The `tidyverse` is based on four principles for handling data:

1. Reuse existing data structures
2. Compose simple functions with **the pipe %>%**
3. Embrace functional programming
4. Design for humans

The R project for Statistical Computing was built for a different age; the tidyverse is a collection of tools for *our* age

.small[ https://tidyverse.tidyverse.org/articles/manifesto.html ]

---
## Tidyverse core packages

- **ggplot2** - data visualisation
- **dplyr** - data wrangling
- **readr** - reading data
- **tibble** - modern data frames
- **stringr** - string manipulation
- **forcats** - dealing with factors
- **tidyr** - data tidying
- **purrr** - functional programming

Each tidyverse package has a website at [PKGNAME].tidyverse.org, check https://ggplot2.tidyverse.org

.small[ https://www.tidyverse.org/packages/#core-tidyverse ]

---
class: center, middle

# Reading in data

<!---
## Base R functions for read-write the data

- `scan()` - Read data into a vector or list from the console or file

- `read.table()`, `read.csv()`, `read.delim()` - Reads a file in table format and creates a data frame from it, with cases corresponding to lines and variables to fields in the file

- `write.table()`, `write.csv()` - Saves the object (data.frame) to a file

- `?data.table::fread` for very fast data read into R

- "File -> Import Dataset" in RStudio
-->

---
## readr

- There are some built-in functions for reading in data in text files. These functions are _read-dot-something_, for example, `read.csv()` reads in comma-delimited text data; `read.delim()` reads in tab-delimited text, etc.

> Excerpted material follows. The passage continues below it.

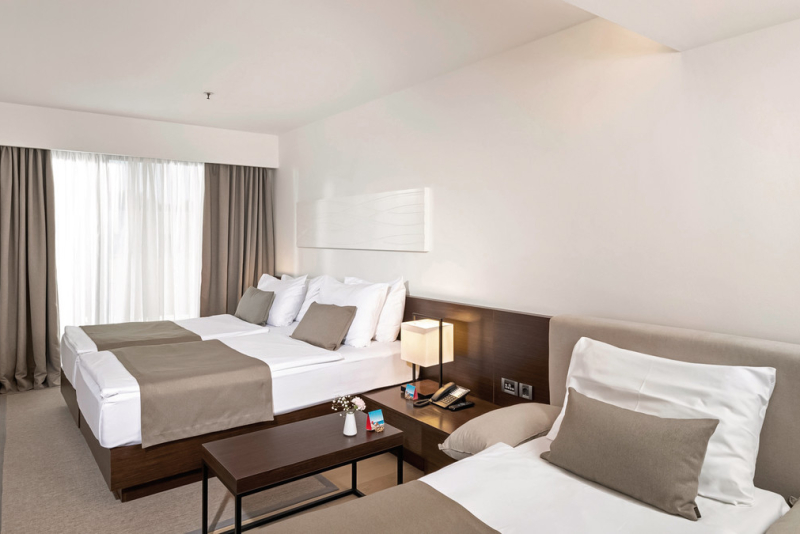 Das Hotel verfügt über 268 Zimmer/Wohneinheiten, die alle komfortabel und modern eingerichtet sind. Sie sind mit einem Badezimmer mit Bad oder Dusche/WC, Föhn, Sat.-TV, Telefon, WLAN, Safe, Minibar, Klimaanlage, Heizung und einem Balkon ausgestattet. Roomservice steht gegen Gebühr zur Verfügung. Darüber hinaus können Sie gegen Gebühr ein Babybett anfordern.

- `readr` package provides fast and intelligent data reading capabilities. Very similar looking functions, named _read-underscore-something_ -- e.g., `read_csv()`

- They're good at guessing the types of data in the columns, they don't do some of the other silly things that the base functions do

- Play nicely with `dplyr` - data manipulation package

.small[ http://readr.tidyverse.org/ ]

---
## tibbles

Data frames are great! Except for

- printing them
- working with both characters and factors
- manipulating multiple columns

- If you want a one-collumn data frame, you need to use `dat[, "column1", drop = FALSE]`

tibbles are the data frame alternative simplifying work with data frame-like objects

.small[https://tibble.tidyverse.org/]

---
## tibbles

- A `tibble`, or `tbl_df`, is a modern reimagining of the `data.frame`, keeping what time has proven to be effective, and throwing out what is not

- Tibbles are `data.frames` that are lazy and surly: they do less (i.e., they don't change variable names or types, and don't do partial matching) and complain more (e.g., when a variable does not exist)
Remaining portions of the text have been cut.